Another possible approach is to use EDEN. I put it on googlecode: http://code.google.com/p/edencrystallography/
I recently solved an RNA structure just with molecular replacement of
random A-helix fragments. With this sort of psychotic approach to
molecular replacement, model bias is a major problem. One trick that
helped was to blur the HL coefficients (there is a script to do so in
CNS) and then solvent-flatten/flip.
But if the first approach isn't working, this is telling you something
I think. Is it possible the result you are getting is correct after
all?
William G. Scott
Contact info:
http://chemistry.ucsc.edu/~wgscott/
On Jul 27, 2008, at 6:19 PM, Sun Tang wrote:
>
> Hello Charlie,
>
> Thank you very much for your comments. I mostly agree with you.
> However, as far as I know most of the complexes structures are
> solved with MR with the their apo-enzyme as search model and refined
> the structures with CCP4 or CNS. I tried the simulated annealing
> omitting the residue and 4 neighboring residues on each side and I
> found the conformation are essentially the same. I also tried to use
> composite omit-map calculation in CSN but I gave it because it took
> several days of computer time but only finished only 1/4 of the
> calculation.
>
> I understand the starting from the beginning is one choice. I wonder
> whether there are other easier ways in CCP4 to deal with this
> situation because this problem is quite common in refinement.
>
> I appreciate all the replies to my questions and I say "Thank you
> very much" here.
>
> Best,
>
> Sun
>
> --- On Sat, 7/26/08, Charles W. Carter Jr. <[log in to unmask]> wrote:
>
> From: Charles W. Carter Jr. <[log in to unmask]>
> Subject: Re: [ccp4bb] question about getting rid of model bias in
> refinement
> To: [log in to unmask]
> Date: Saturday, July 26, 2008, 3:15 PM
>
>
> Sun,
>
>
> I'm most of the way to one side of this debate: I believe that it
> is not possible to emerge fully from model bias without avoiding it
> in the first place with experimental phases. I may be overly
> pessimistic, but have considerable experience supporting at least
> skepticism.
>
>
> My interpretation of the experimental result you describe is that
> the covariances among the parts of the structure you left in place
> and those side chains you omitted is so strong and extensive that
> you'll never see the correct density coming back upon refinement,
> because other parts of the structure are ever so slightly off their
> true mean positions to compensate for the (evidently false)

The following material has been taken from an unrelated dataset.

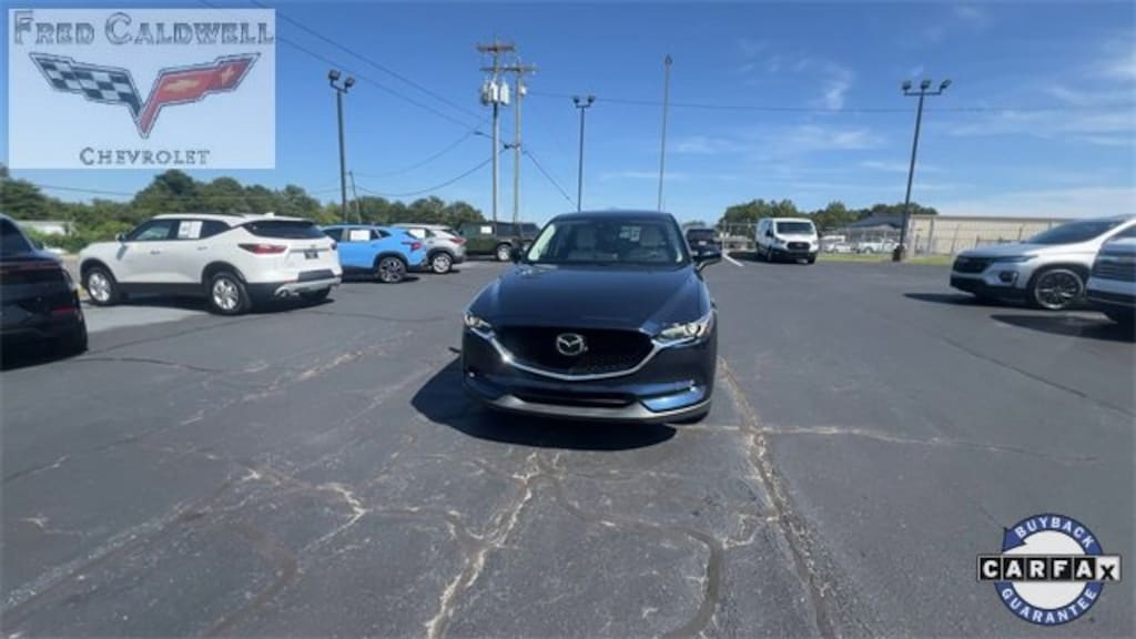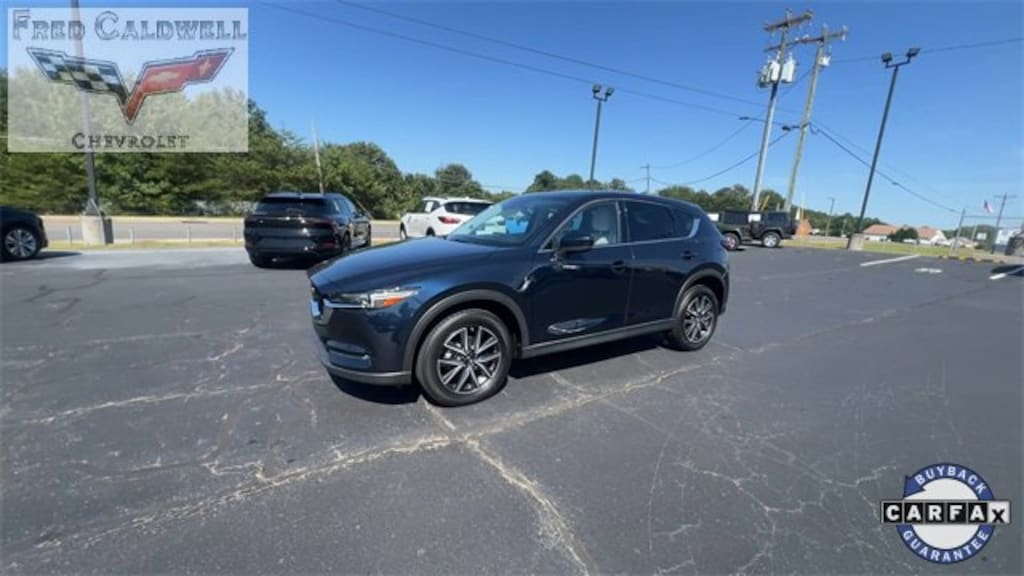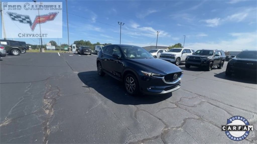 Clean CARFAX. Deep Crystal Blue Mica 2018 Mazda CX-5 Grand Touring AWD 6-Speed Automatic SKYACTIV® 2.5L 4-Cylinder DOHC 16V 10 Speakers, 19 x 7J Aluminum Alloy Wheels, 4-Wheel Disc Brakes, 4.624 Axle Ratio, ABS brakes, Active Driving Display (Windshield Type), Air Conditioning, Alloy wheels, AM/FM radio: SiriusXM, Auto High-beam Headlights, Auto-dimming Rear-View mirror, Automatic temperature control, Bose 10-Speaker Audio Sound System, Brake assist, Bumpers: body-color, Delay-off headlights, Driver door bin, Driver vanity mirror, Dual front impact airbags, Dual front side impact airbags, Electronic Stability Control, Emergency communication system, Exterior Parking Camera Rear, Four wheel independent suspension, Front anti-roll bar, Front Bucket Seats, Front Center Armrest, Front dual zone A/C, Front fog lights, Front reading lights, Fully automatic headlights, Garage door transmitter: HomeLink, Heated door mirrors, Heated front seats, Heated Front Sport Shape Seats, Heated Rear Seats, Heated Steering Wheel, Illuminated entry, Leather Seat Trim, Leather Shift Knob, Low tire pressure warning, Mazda Navigation System, Memory seat, Navigation System, Occupant sensing airbag, Outside temperature display, Overhead airbag, Overhead console, Panic alarm, Passenger door bin, Passenger vanity mirror, Power door mirrors, Power driver seat, Power Liftgate, Power moonroof, Power passenger seat, Power steering, Power windows, Premium Package, Radio data system, Radio: AM/FM/HD Audio System, Rain sensing wipers, Rear anti-roll bar, Rear reading lights, Rear seat center armrest, Rear window defroster, Rear window wiper, Remote keyless entry, Speed control, Speed-sensing steering, Split folding rear seat, Spoiler, Steering wheel mounted audio controls, Tachometer, Telescoping steering wheel, Tilt steering wheel, Traction control, Trip computer, Turn signal indicator mirrors, Variably intermittent wipers, Windshield Wiper De-Icer.
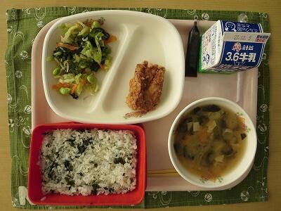 わかめごはん、牛乳、ミルメークコーヒー、鶏のから揚げ、かいそうサラダ、ゆばのみそ汁

> positions of the residues you omitted. Bill's suggestion that you
> actually refine the structure using simulated annealing without the
> omitted residues is an improvement over what you did, but it will
> require many cycles to get a much better approximation, and there is
> really no way to be sure when you can be confident. Starting the
> entire refinement over is a more aggressive strategy. If you decide
> to try this, you should examine the projection of the residue by
> residue real-space correlation coefficients across the entire
> sequence to ensure that you have only one
> population of values and delete all residues that comprise any
> population that has a distinctly different real-space correlation
> coefficient, building them back into the structure as it refines.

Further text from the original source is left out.